WHAT YOU HAVE TO DO:
Please repeat each line below exactly, with no images in the copy.

(Stored data)
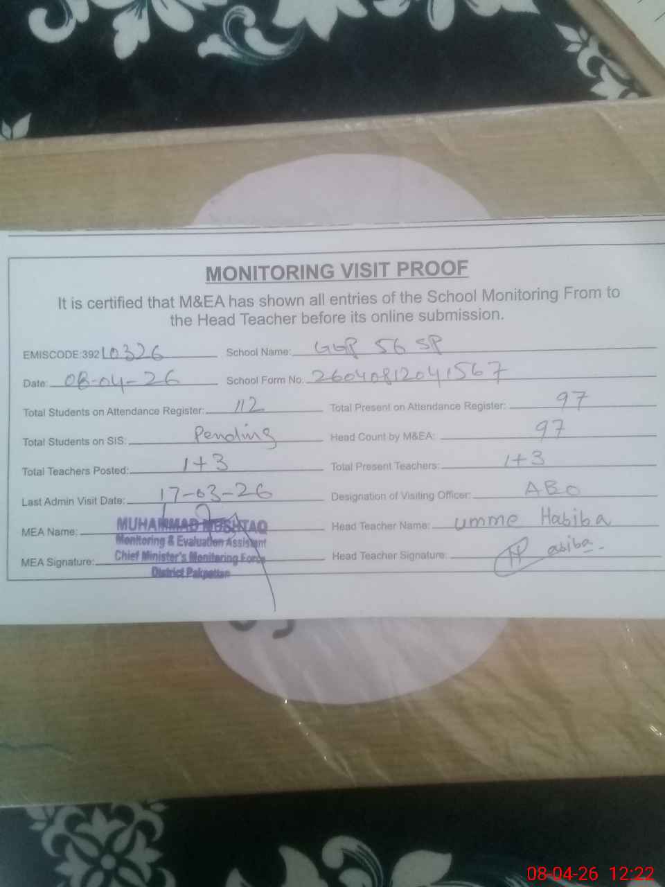 | Attendance Register | Head Teacher | MEA with School | Visit Proof |
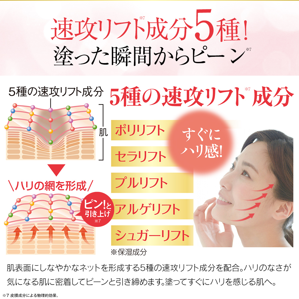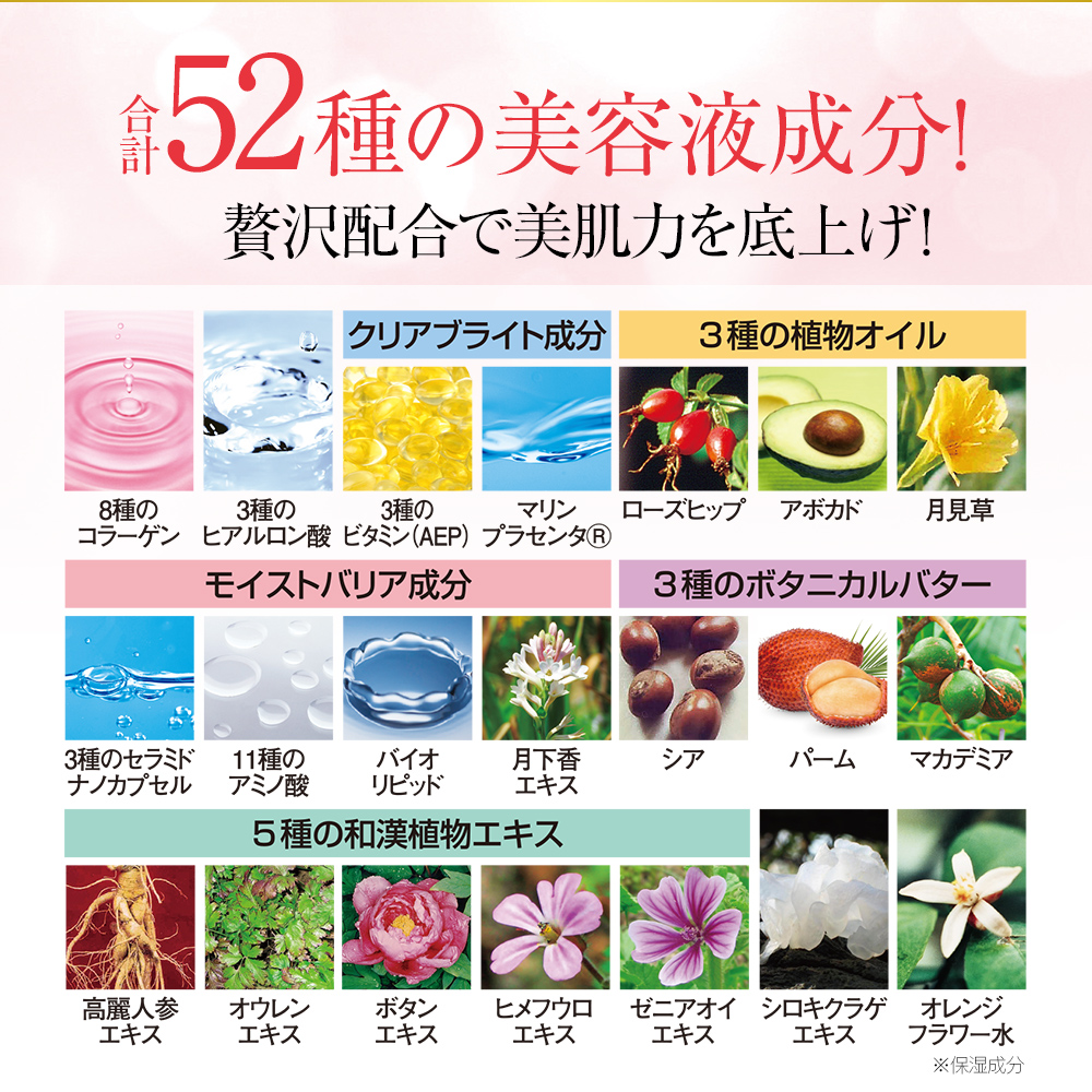 ※1 メラニンの生成を抑え、シミ、ソバカスを防ぎます。 ※2 保湿成分。 ※3 精製水等を含む原料原液として。 ※4 角質層。 ※5 合成香料不使用・無着色・無鉱物油・パラベン不使用・石油系界面活性剤不使用。 ※6 当社商品比較 ※7 皮膜成分による物理的効果。 ※8 乾燥による。 *パッチテスト済み(すべての方に皮膚刺激が起きないというわけではありません) ※イラスト、成分の写真はイメージです。
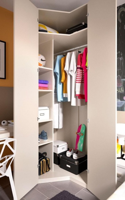 Обычно, массивные и громоздкие шкафы занимают большую часть комнаты, не давая развернуться. Что делать в этом случае? Заменить шкаф на компактную угловую гардеробную. В ее обустройстве нет ничего сложного. Просто повесьте в углу штангу и располагайте там плечики с вещами. Также можно организовать там несколько полочек. Если вы не хотите, чтобы одежда находилась на виду, сделайте гардеробную на заказ с учетом размеров вашей комнаты. Тогда вы станете обладателем компактного, но функционального места для хранения одежды.
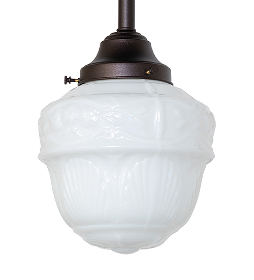Restore the past with this always fashionable early electric reproduction Rochelle ceiling fixture. The handsome pendant is finished in Mahogany Bronze with a floral and enhanced with a beautifully embossed White Schoolhouse Glass shade. This vintage lighting features a refined yet consistent, distinctive style that originated in traditional schoolhouses and public buildings in the early 1920s. The pendant design is perfect for entryways and lobbies in structures from Wells, Maine, to Columbia County, New York, to Canaan, Pennsylvania. The Revival Schoolhouse Mini Pendant is included in our American-designed, handcrafted Schoolhouse Lighting Collection. UL & cUL listed for dry and damp locations.
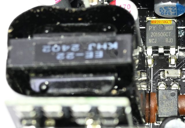 ○所有元件都移到主電路板正面,焊點整體做工良好,二次側區域及大電流路徑有敷錫
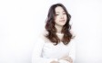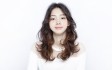 動きが出にくい重めなロングヘアーも、顔周りにたっぷりとレイヤーとゆるやかにかけたパーマのおかげで、フレッシュで軽やかな雰囲気に。
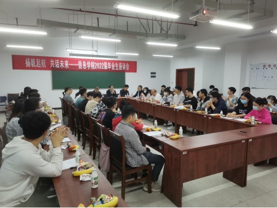 5月11日上午,信息学院在17503召开2022届毕业生座谈会,院党委书记甘向阳、院长童耀南、院党委副书记徐丹、副院长涂兵及18级各班班主任老师出席,辅导员李亦波、柳祎璇、周煊阳及各本科专业和研究生代表近50人参加。座谈会由徐丹主持。
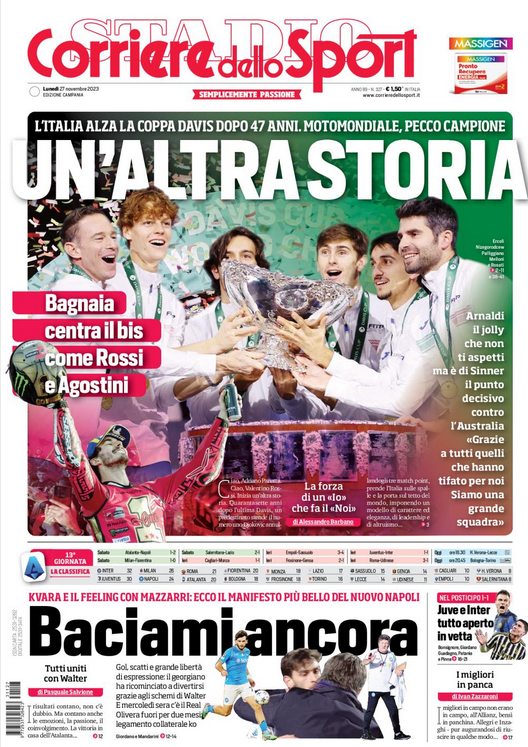 NewsCalcioIn Evidenza La rassegna stampa del 27 novembre. Prime pagine sportive By Giuseppe Sacco il Nov 27, 2023 - 07:00:23 0 Condividi In primo piano sui principali quotidiani sportivi nazionali Factory della Comunicazione CalcioNapolliRassegnaStampa 0 Condividi FacebookTwitterGoogle+ReddItWhatsAppPinterestE-mail

EXPECTED OUTPUT:
 | Attendance Register | Head Teacher | MEA with School | Visit Proof |
 ※1 メラニンの生成を抑え、シミ、ソバカスを防ぎます。 ※2 保湿成分。 ※3 精製水等を含む原料原液として。 ※4 角質層。 ※5 合成香料不使用・無着色・無鉱物油・パラベン不使用・石油系界面活性剤不使用。 ※6 当社商品比較 ※7 皮膜成分による物理的効果。 ※8 乾燥による。 *パッチテスト済み(すべての方に皮膚刺激が起きないというわけではありません) ※イラスト、成分の写真はイメージです。
 Обычно, массивные и громоздкие шкафы занимают большую часть комнаты, не давая развернуться. Что делать в этом случае? Заменить шкаф на компактную угловую гардеробную. В ее обустройстве нет ничего сложного. Просто повесьте в углу штангу и располагайте там плечики с вещами. Также можно организовать там несколько полочек. Если вы не хотите, чтобы одежда находилась на виду, сделайте гардеробную на заказ с учетом размеров вашей комнаты. Тогда вы станете обладателем компактного, но функционального места для хранения одежды.
Restore the past with this always fashionable early electric reproduction Rochelle ceiling fixture. The handsome pendant is finished in Mahogany Bronze with a floral and enhanced with a beautifully embossed White Schoolhouse Glass shade. This vintage lighting features a refined yet consistent, distinctive style that originated in traditional schoolhouses and public buildings in the early 1920s. The pendant design is perfect for entryways and lobbies in structures from Wells, Maine, to Columbia County, New York, to Canaan, Pennsylvania. The Revival Schoolhouse Mini Pendant is included in our American-designed, handcrafted Schoolhouse Lighting Collection. UL & cUL listed for dry and damp locations.
 ○所有元件都移到主電路板正面,焊點整體做工良好,二次側區域及大電流路徑有敷錫
 動きが出にくい重めなロングヘアーも、顔周りにたっぷりとレイヤーとゆるやかにかけたパーマのおかげで、フレッシュで軽やかな雰囲気に。
 5月11日上午,信息学院在17503召开2022届毕业生座谈会,院党委书记甘向阳、院长童耀南、院党委副书记徐丹、副院长涂兵及18级各班班主任老师出席,辅导员李亦波、柳祎璇、周煊阳及各本科专业和研究生代表近50人参加。座谈会由徐丹主持。
 NewsCalcioIn Evidenza La rassegna stampa del 27 novembre. Prime pagine sportive By Giuseppe Sacco il Nov 27, 2023 - 07:00:23 0 Condividi In primo piano sui principali quotidiani sportivi nazionali Factory della Comunicazione CalcioNapolliRassegnaStampa 0 Condividi FacebookTwitterGoogle+ReddItWhatsAppPinterestE-mail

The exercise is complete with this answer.